Imagine I have a 3 sided die: two faces marked 0, one face marked 2

Whenever a two is rolled, two more rolls are to occur. How do I determine the average number of rolls that will occur?

I tried figuring this out based on an explanation of exploding dice (http://axiscity.hexamon.net/users/isomage/rpgmath/explode/) but I'm not sure I'm even headed in the right direction.

p(number of rolls)

p(1) = 1/3
p(3) = 1/3 * 2/3 * 2/3
p(5) = 1/3 * 1/3 * 2/3 * 2/3 * 2/3
p(7) = 1/3 * 1/3 * 1/3 * 2/3 * 2/3 * 2/3 * 2/3
p(n) = n+1/3^n

Solve for the sum of p(n) ???

Are those probabilities correct or do i have to include the alternate ordering (ex: p(5) = 1/3 * 2/3 * 1/3 * 2/3 * 2/3)
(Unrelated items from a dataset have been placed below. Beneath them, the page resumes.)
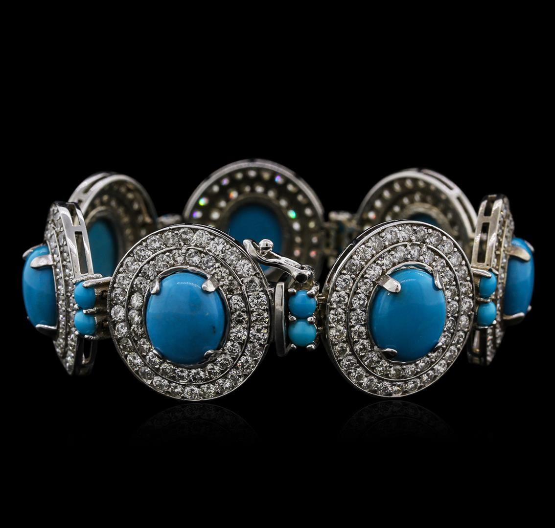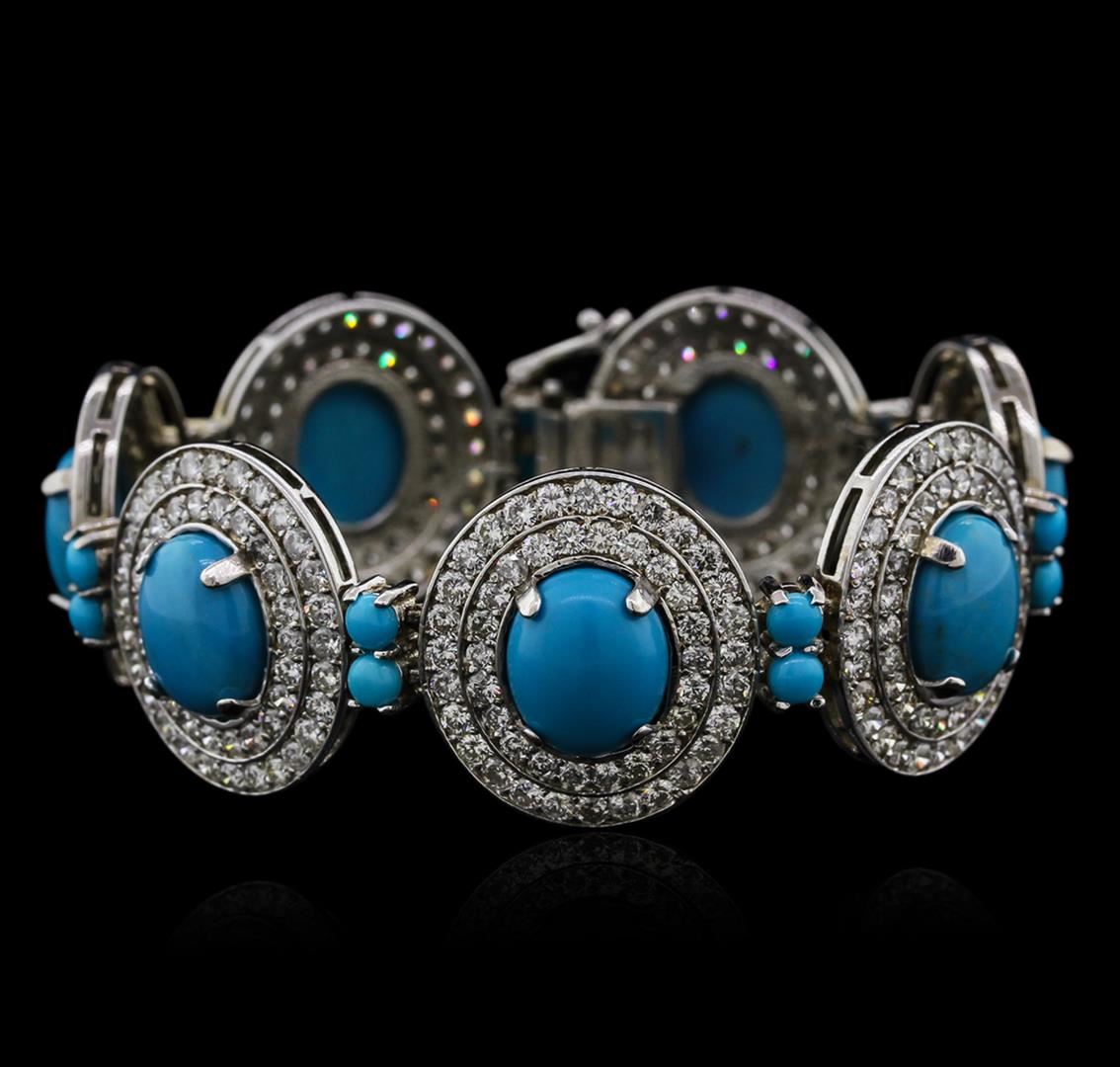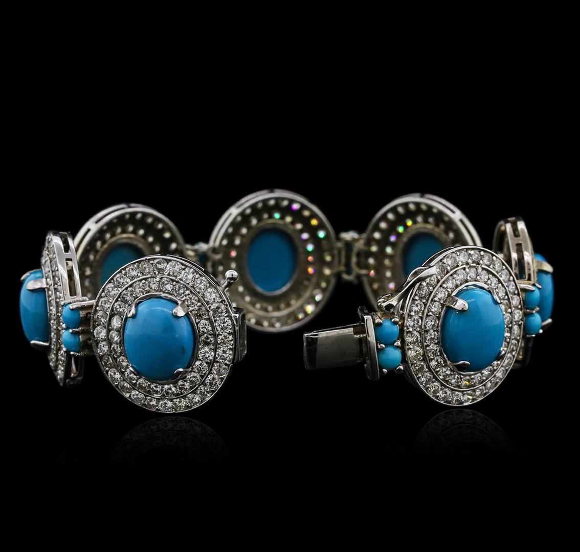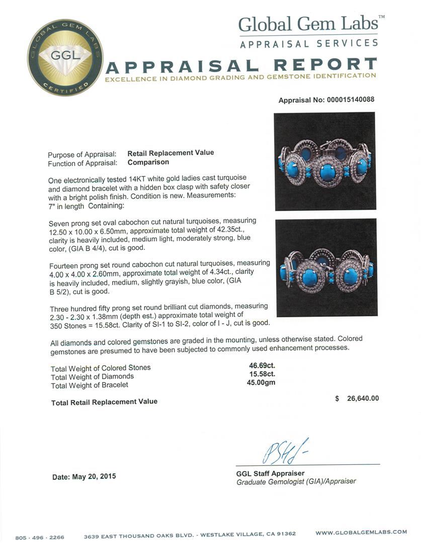 One electronically tested 14KT white gold ladies cast turquoise and diamond bracelet with a hidden box clasp with safety closer with a bright polish finish. Measurements: 7" in length Condition is new. Containing: Seven prong set oval cabochon cut natural turquoises, measuring 12.50 x 10.00 x 6.50mm, approximate total weight of 42.35ct., clarity is heavily included, medium light, moderately strong, blue color, (GIA B 4/4), cut is good. Fourteen prong set round cabochon cut natural turquoises, measuring 4.00 x 4.00 x 2.60mm, approximate total weight of 4.34ct., clarity is heavily included, medium, slightly grayish, blue color, (GIA B 5/2), cut is good. Three Hundred Fifty prong set round brilliant cut diamonds, measuring 2.30 - 2.30 x 1.38mm (depth est.) approximate total weight of 350 Stones = 15.58ct. Clarity: SI-1 to SI-2. Color: I - J, Cut is Good. All diamonds and colored gemstones are graded in the mounting, unless otherwise stated. Colored gemstones are presumed to have been subjected to commonly used enhancement processes. Total Weight of Colored Stones 46.69ct. Total Weight of Diamonds 15.58ct. Total Weight of Bracelet 45.00 grams. GGL Appraised at $26,640.00.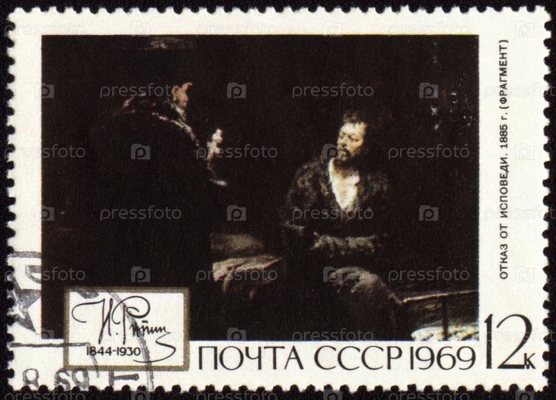 Почтовая марка СССР 1969 года, фрагмент картины "Отказ от исповеди" Ильи Репина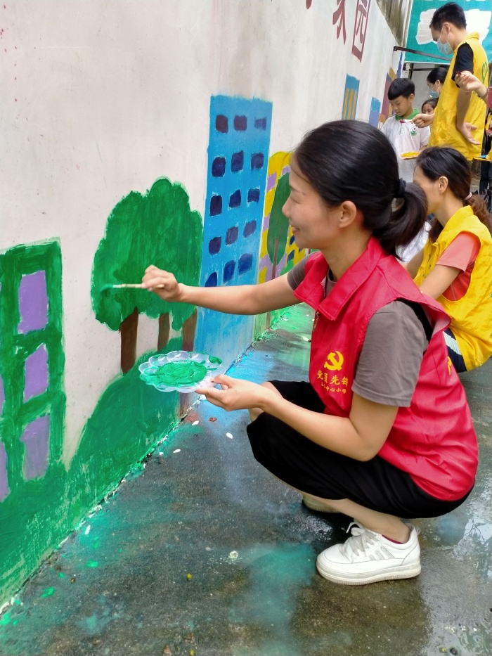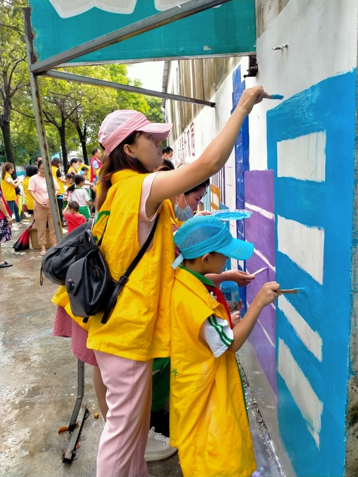 為助力全國文明城市創建工作,全力打好“創文”攻堅戰,以實際行動引導更多師生參與到文明城市創建行動中來,三角鎮中心小學于8月2日早上,組織學校黨群教師和親子義工共同開展“手繪美麗鄉村 助力文明創建”彩色墻繪志愿服務,通過“小手拉大手,全家總動員”,讓師生與家長積極參與到文明城市的創建熱潮中來。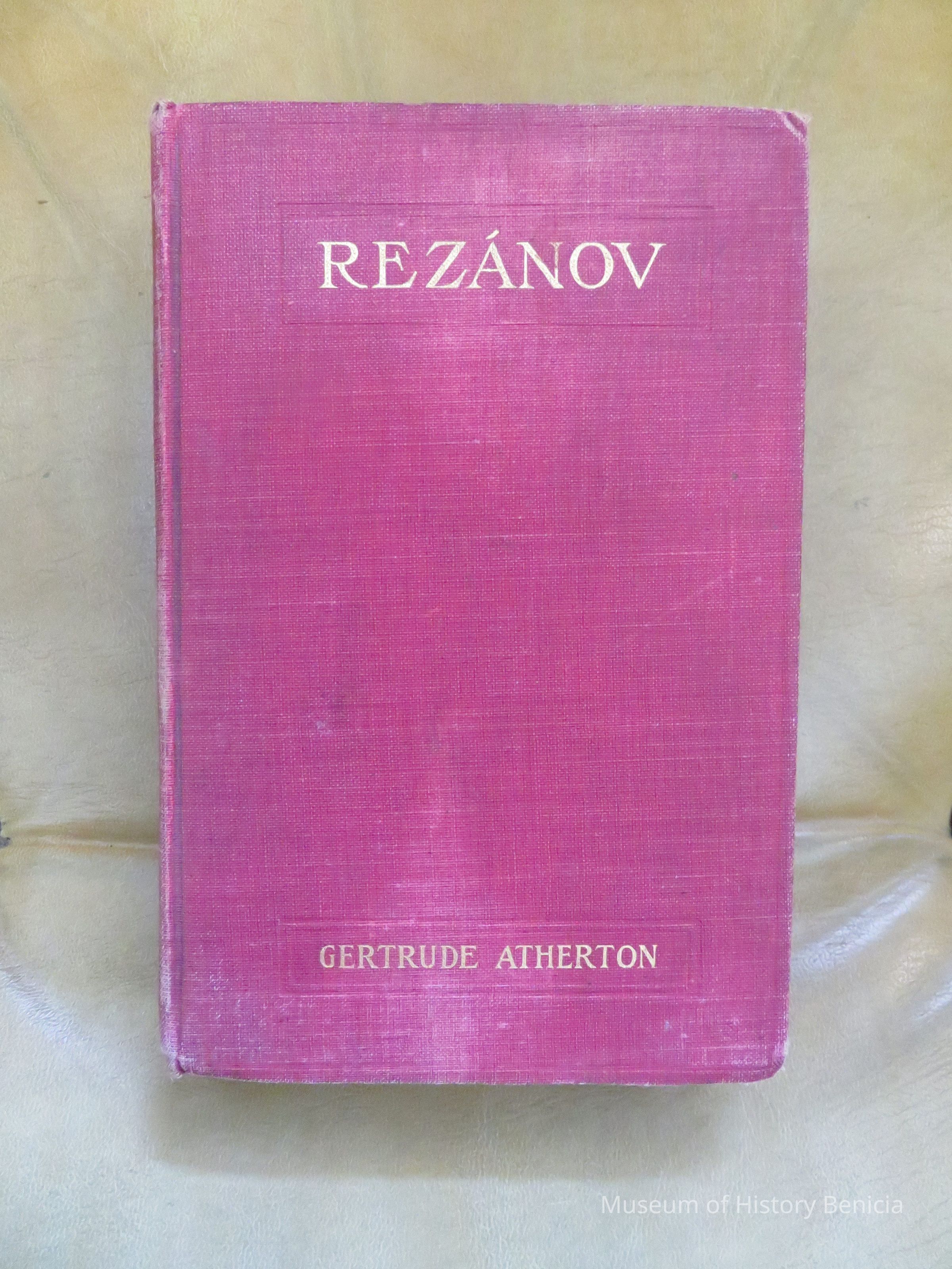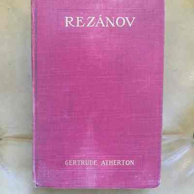 Rezanov, a book published by Gertrude Atherton in 1906. It is the story of Nikolai Rezanov, the chamberlain who came to S. F. at the Spanish Presidio in 1806. He met Concepcion Arguello, the daughter of the commanding officer and later asked for her hand in marriage. Unfortunately, he died on a trip through Siberia. The book is considered rare.Collection
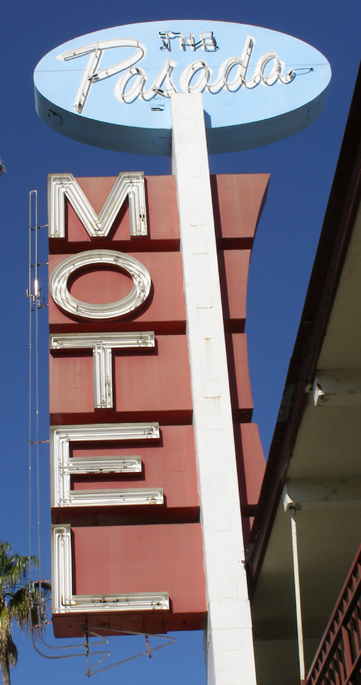 The Pasada Motel was originally known as the "Pasadia Motor Hotel." This sign is probably from the 1950s or 1960s. This photo is from 2008. Since then, the sign has been repainted and the "Motel" is now composed of plastic letters. [map] The Pasadena Playhouse sign was built in 1935. It was restored in 2020. [map] |
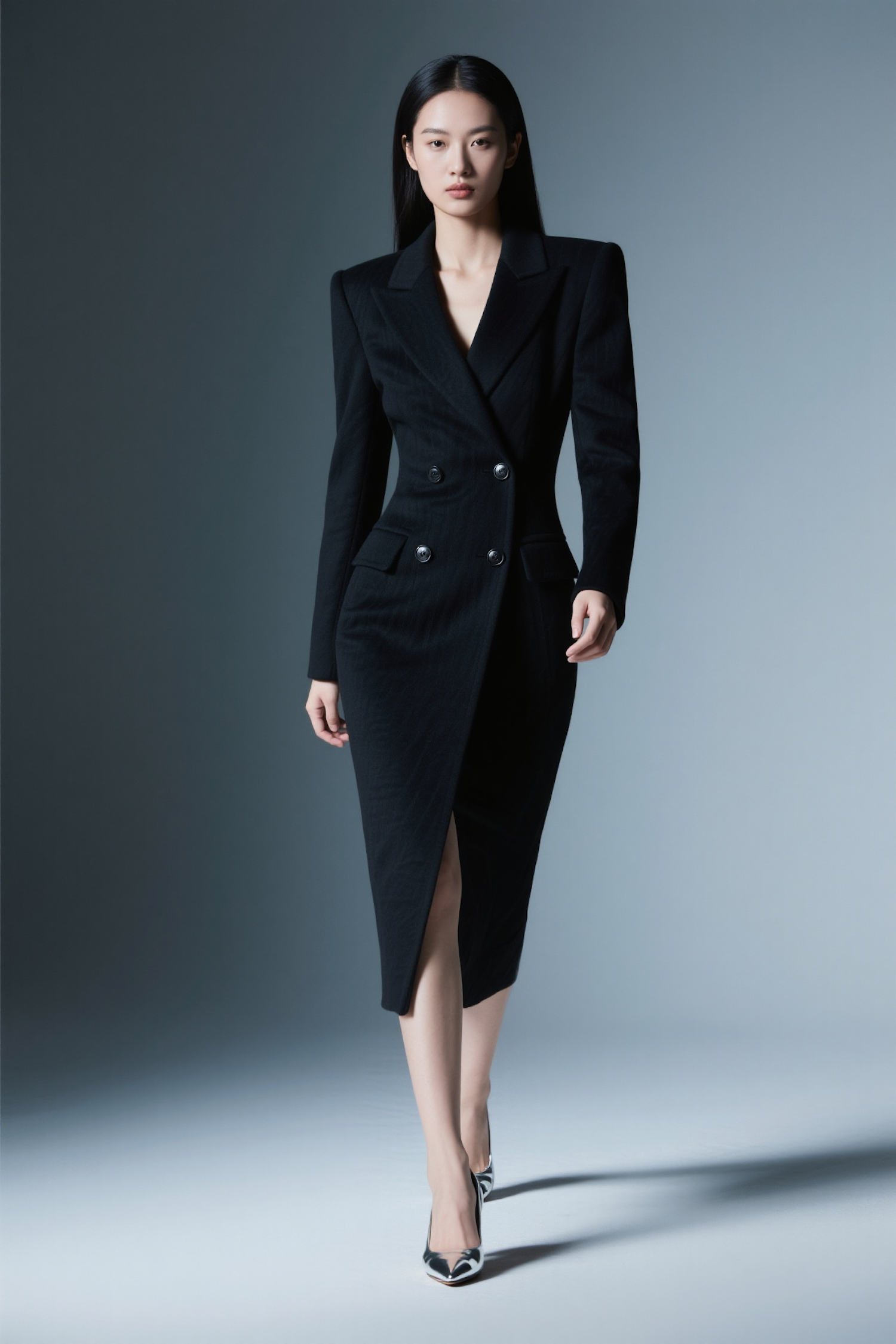Elegant woman in a black blazer dress with sharp shoulders and a front slit, paired with black and silver heels, against a gray background.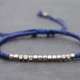 This is adjustable bracelet made with blue cotton waxed cord weaved together with cube shape silver beads . Closure using sliding knot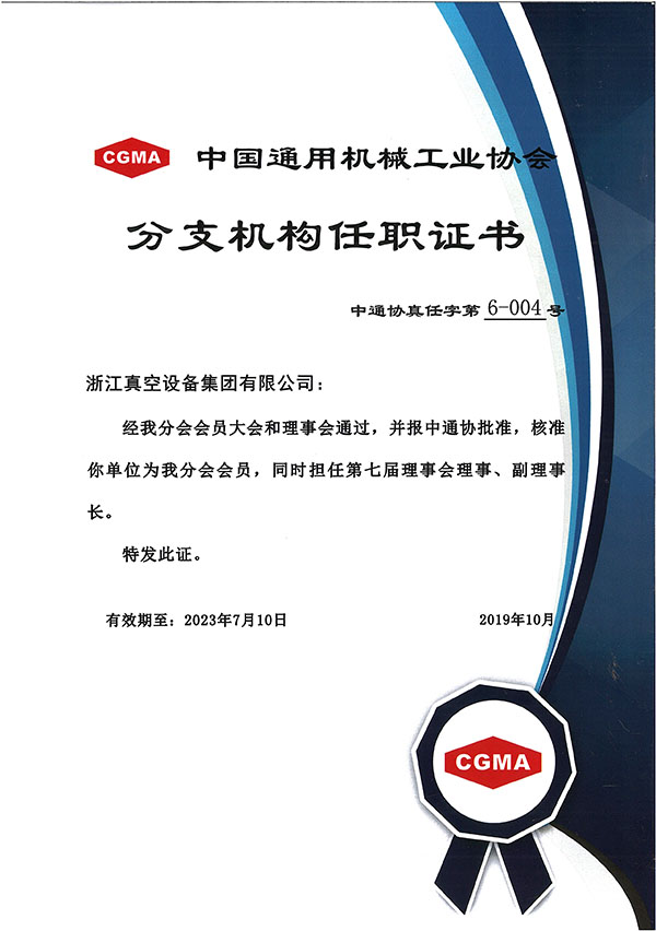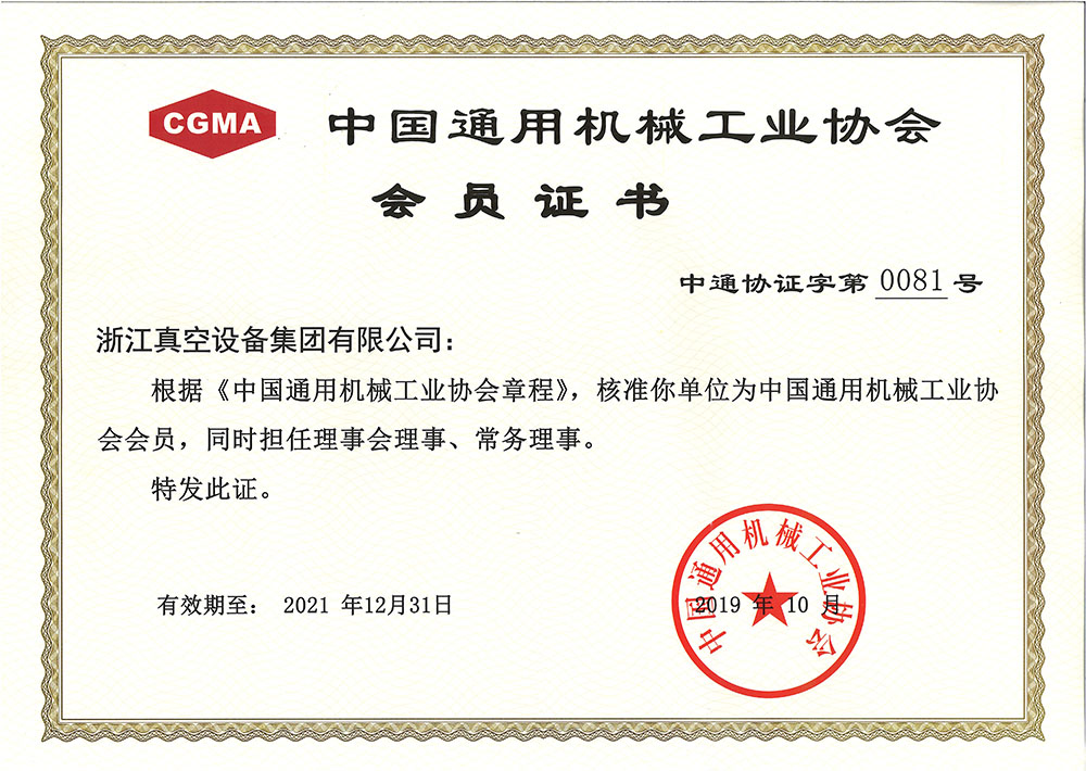 中國(guó)通用機(jī)械工業(yè)協(xié)會(huì)會(huì)員證書(shū)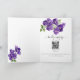 Den djupa Lila Violets Watercolor Bröllop-folkade inbjudan är en fantastisk återgivning av tidlös skönhet och finstilt elegans. Kombinationen av djupa lilor och en lyxig ram i guld skapar en känsla av välstånd och sofistikering, vilket är en förutsättning för en firande i bröllop som är lika spännande som oförglömlig. Den här inbjudan till anpassadet lämnar säkert ett bestående intryck på dina gäster och är som ett omhuldat minne av din speciella dag.

what about a 3 sided die: 0,1,2 where 1 = +1 roll and 2 = +2 rolls? what about a 20 sided die: 15 zero faces, 3 two faces, 1 three face, and 1 five face?

Curious why in the heck I care? In an effort to learn python i thought it'd be fun to generate a random dungeon. Now i'm curious about the probabilities of the random (or should I say psuedo-random) generation.

I tried digesting the question/answers linked below ... snow crash! If you do help me, please, please, feed me via spoon. I am a statistics baby.

How to easily determine the results distribution for multiple dice?

Help with probabilities on a game I am making

Now i'm going to read http://www.diku.dk/hjemmesider/ansatte/torbenm/Troll/RPGdice.pdf while I wait for enlightenment

Thanks in advance for said enlightenment.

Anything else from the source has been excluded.